> **INPUT DATA**:
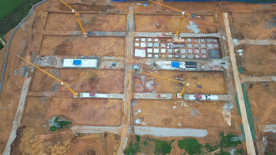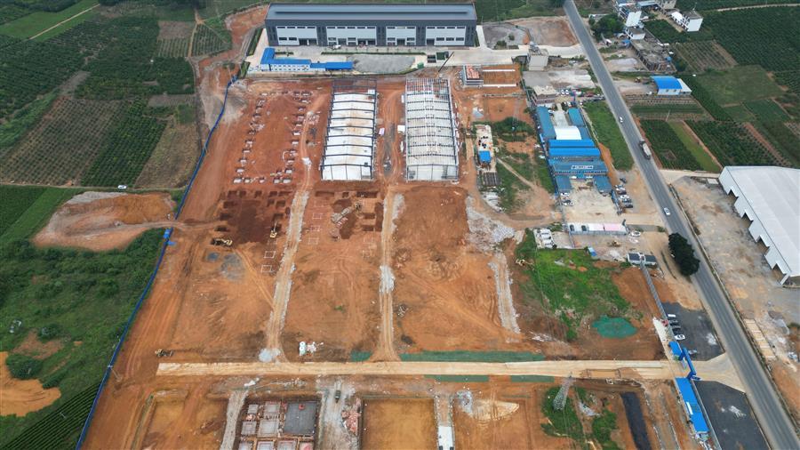 目前,該項目設(shè)備房消防水池外架搭設(shè)、模板安裝已完成,4號廠房側(cè)面檁條安裝完成,5號廠房屋面檁條安裝完成50%,6號樓基礎(chǔ)承臺已完成,4號樓地基處理注漿完成70%等。
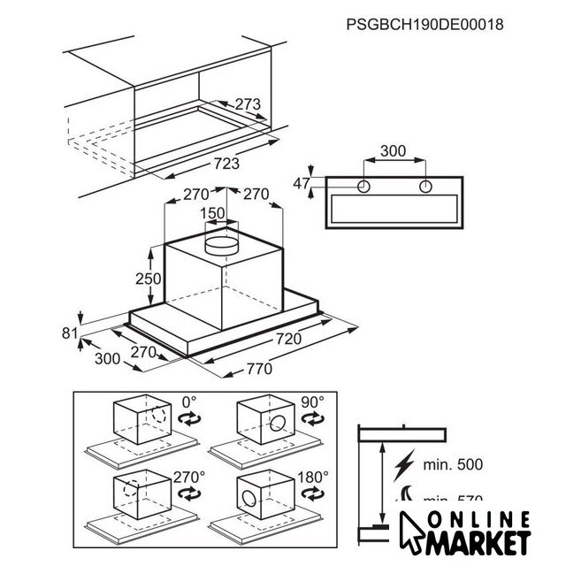 | Минимальная производительность отвода | 300 куб. м/ч |
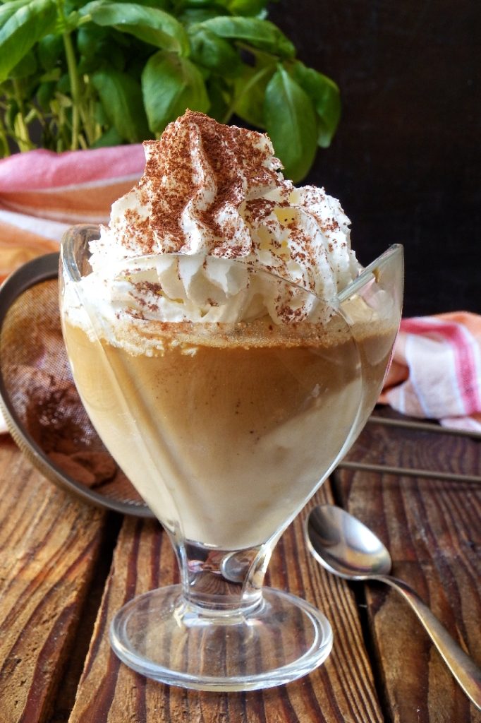 El affogato al café es un postre facilísimo de preparar elaborado rigurosamente al momento, perfecto como postre pero también como merienda. Se compone de helado de nata, literalmente sumergido en café espresso, enriquecido después con nata montada espolvoreada con cacao amargo en polvo. ¡Un postre realmente delicioso!
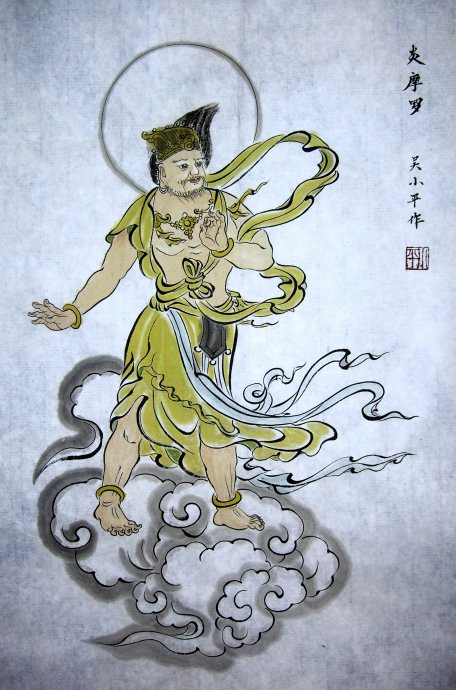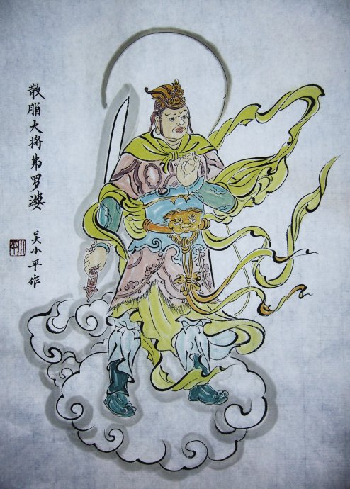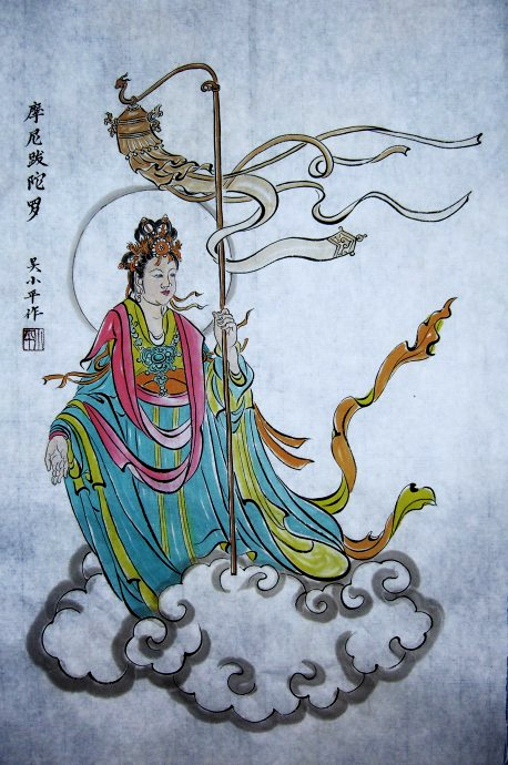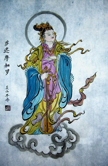 七,萨遮摩和罗,左手把宝幢,上有凤鸟,右手施愿印。《佛说灌顶经》有神王女萨遮摩,大神将军摩和罗。
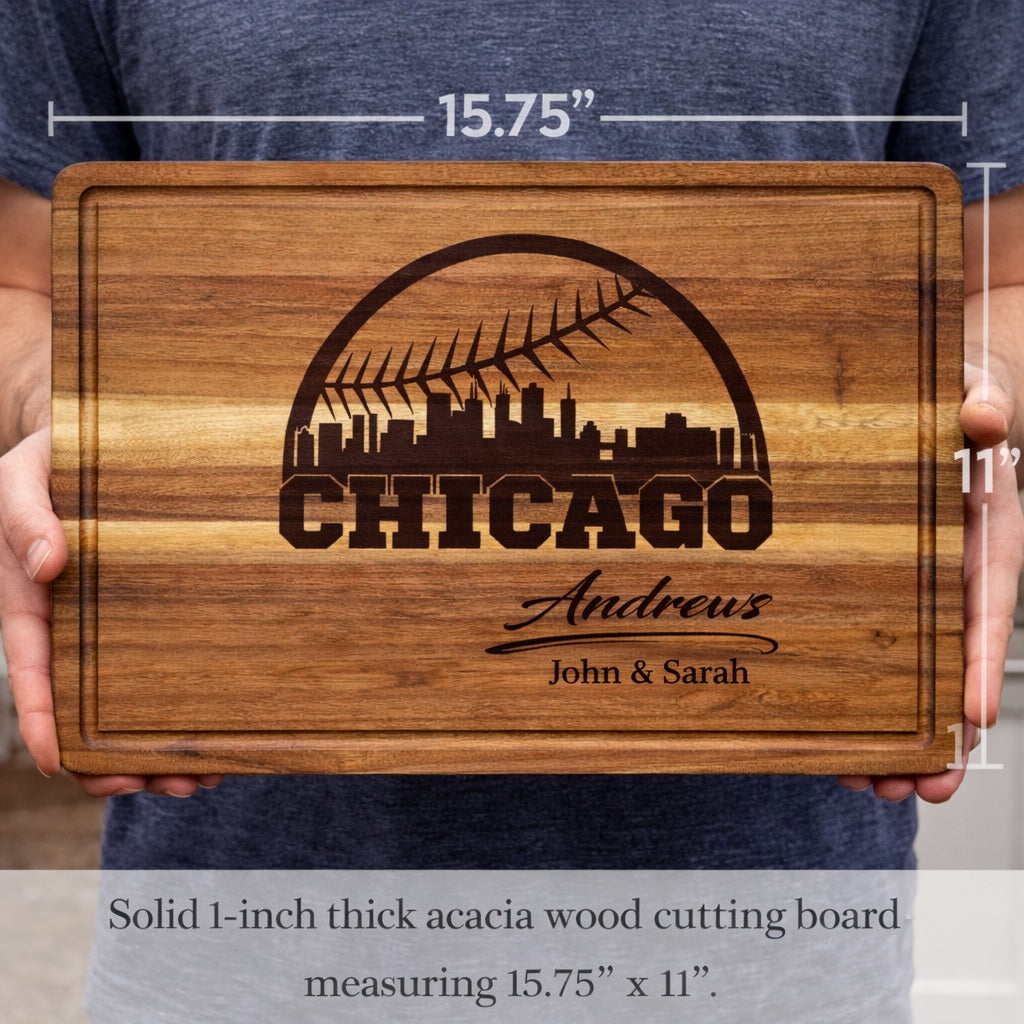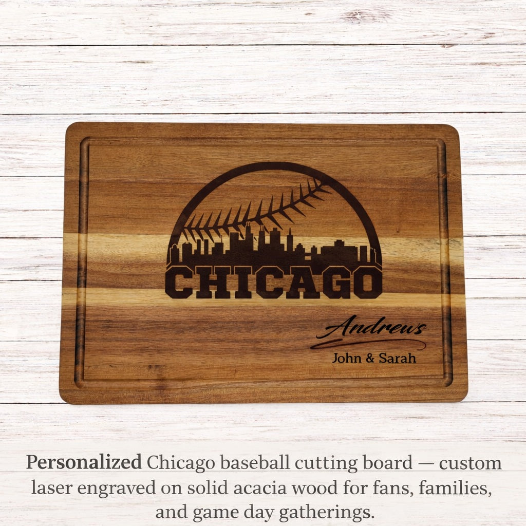 Personalized Chicago Baseball Cutting Board – Custom Engraved Acacia Wood
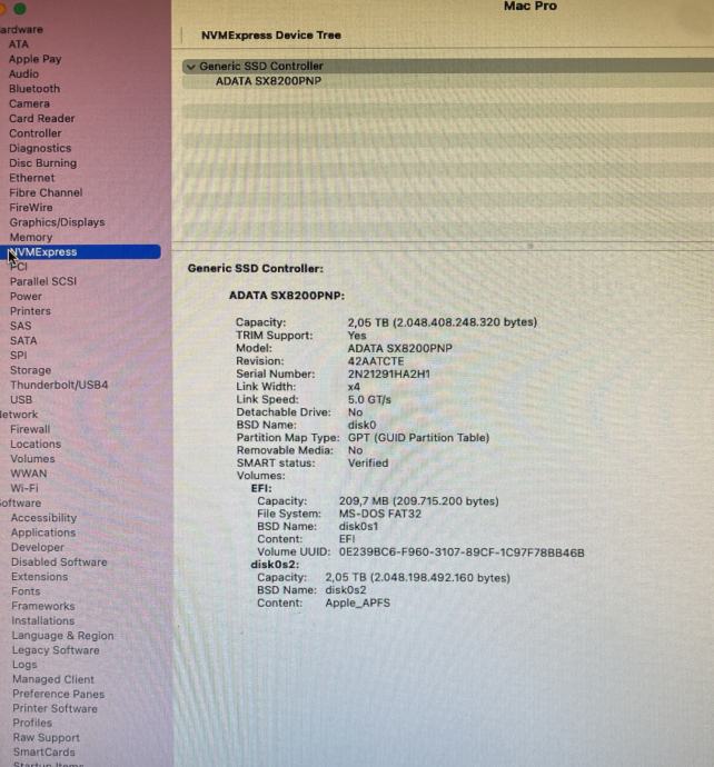 1. NVME ADATA SX8200PNP s 2TB prostora, nameščen na PCIe adapter JEYI s prostim SATA M.2 vgradnim mestom in aktivnim hlajenjem. Koristi se kot sistemski disk, hitrost prenosa podatkov dosega 1300MB/s (pisanje) in 1400MB/s (branje)
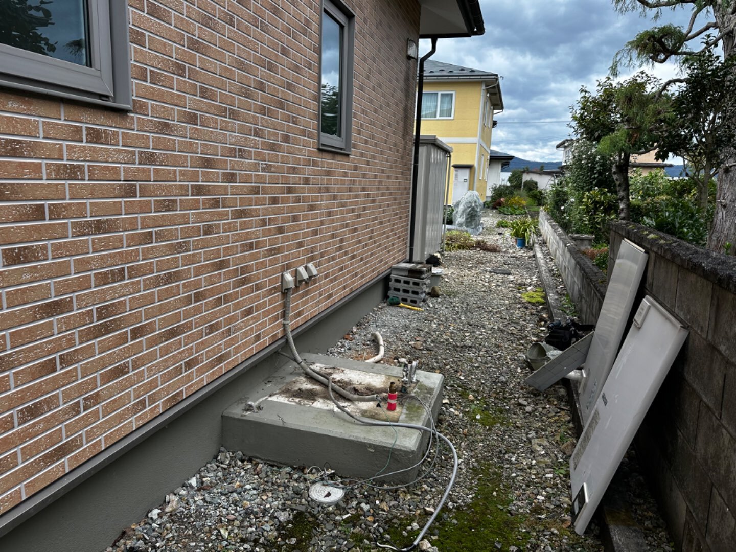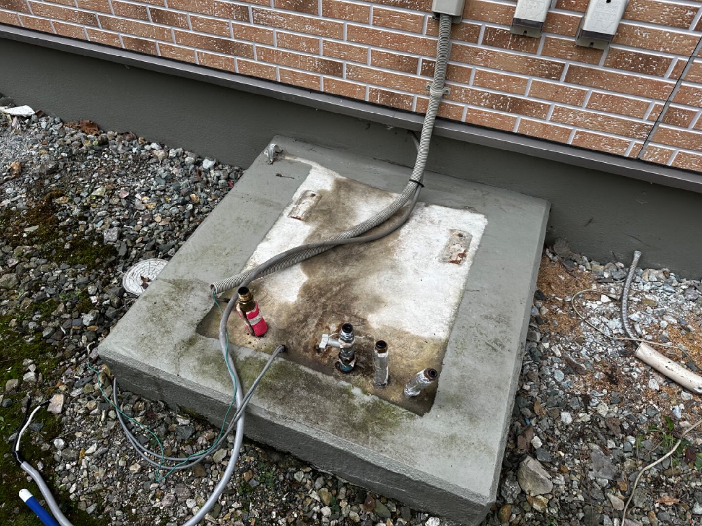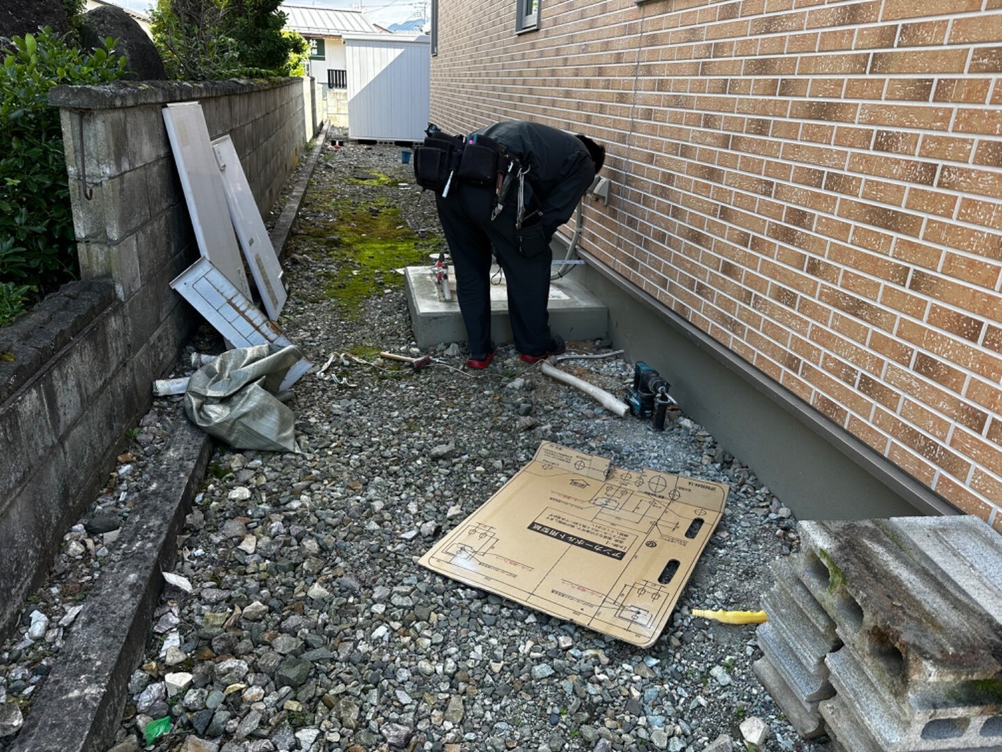 アンカーを打ち終わり、エコキュートを建てて、配管を繋ぎます🤝
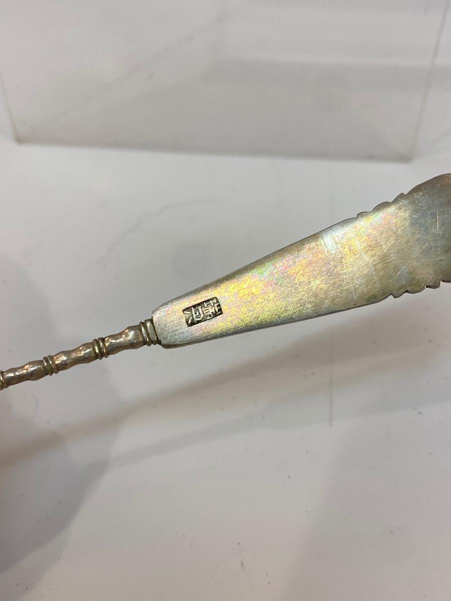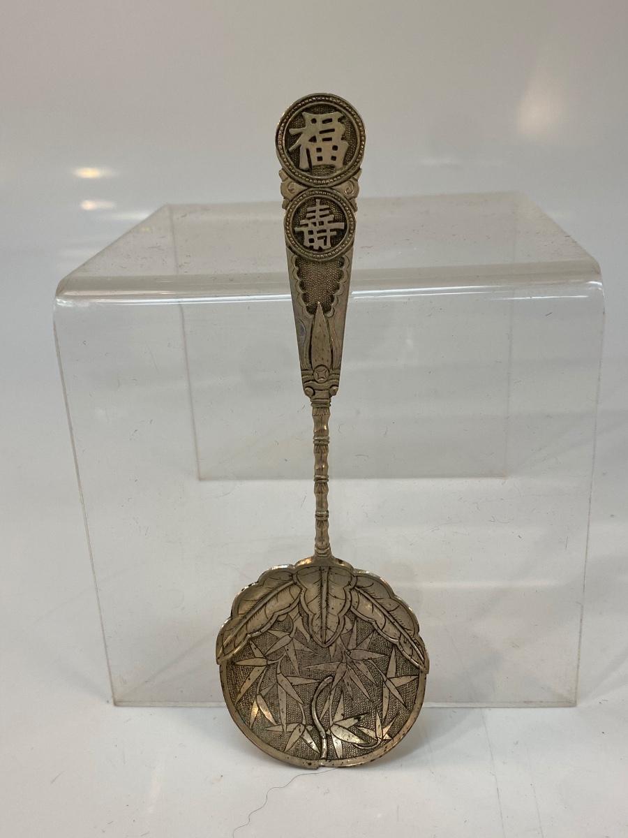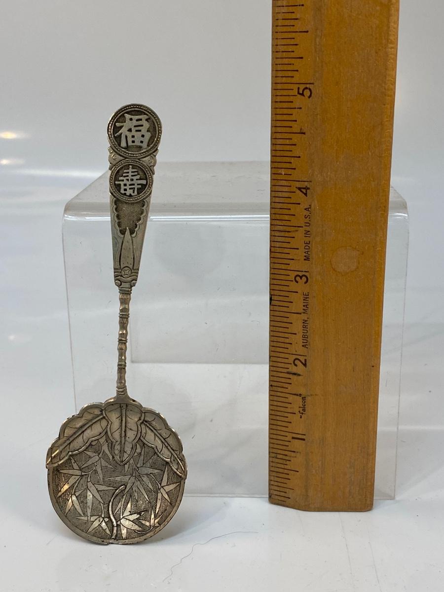 Vintage Japanese Bamboo Collector Spoon. Features lettering and bamboo. No sterling marks but it is stamped in Japanese on back of handle as well.
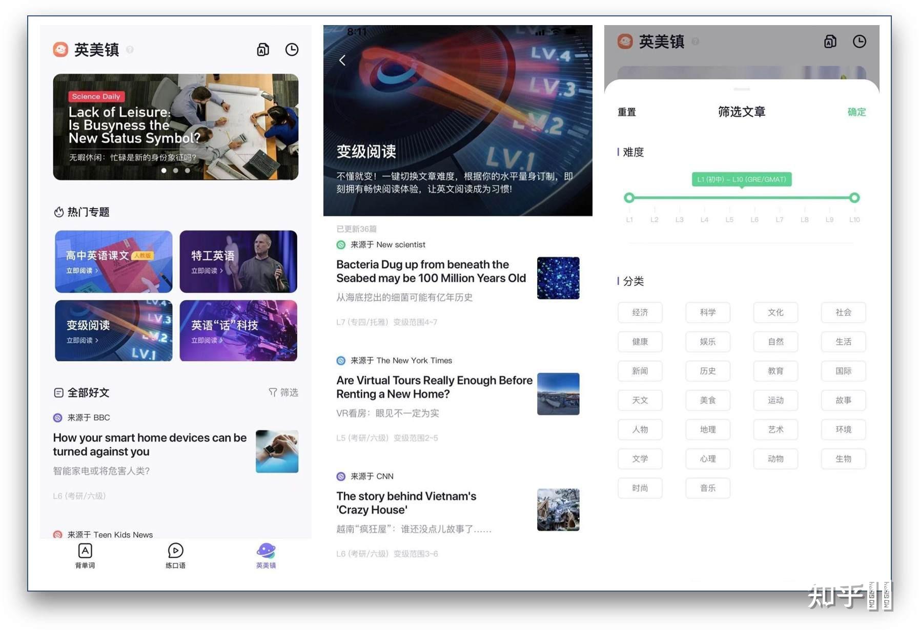 它提供了丰富的英语口语课程,包括:日常生活、商务求职、出国旅游、科技体育、中学教材、影音娱乐、时尚购物、校园生活等情景对话。
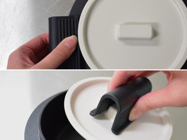 付属のミトンは、釜のツバをつかみやすくて滑りにくいシリコン製です。加熱後の熱くなった蓋のツマミもしっかりつかめるので安心です。
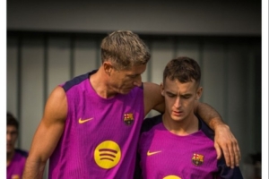 今日,巴萨官方晒出莱万训练图,并配文写道:“对年轻人来说,能够从莱万的建议中学习是一种荣幸。”

> **WHAT THE EXERCISE ASKS**: Reproduce verbatim the lines of the material above, beginning with its first line and ending with the line that contains "El affogato al"; skip pictures.

> **COMPLETED TASK**:
 目前,該項目設(shè)備房消防水池外架搭設(shè)、模板安裝已完成,4號廠房側(cè)面檁條安裝完成,5號廠房屋面檁條安裝完成50%,6號樓基礎(chǔ)承臺已完成,4號樓地基處理注漿完成70%等。
 | Минимальная производительность отвода | 300 куб. м/ч |
 El affogato al café es un postre facilísimo de preparar elaborado rigurosamente al momento, perfecto como postre pero también como merienda. Se compone de helado de nata, literalmente sumergido en café espresso, enriquecido después con nata montada espolvoreada con cacao amargo en polvo. ¡Un postre realmente delicioso!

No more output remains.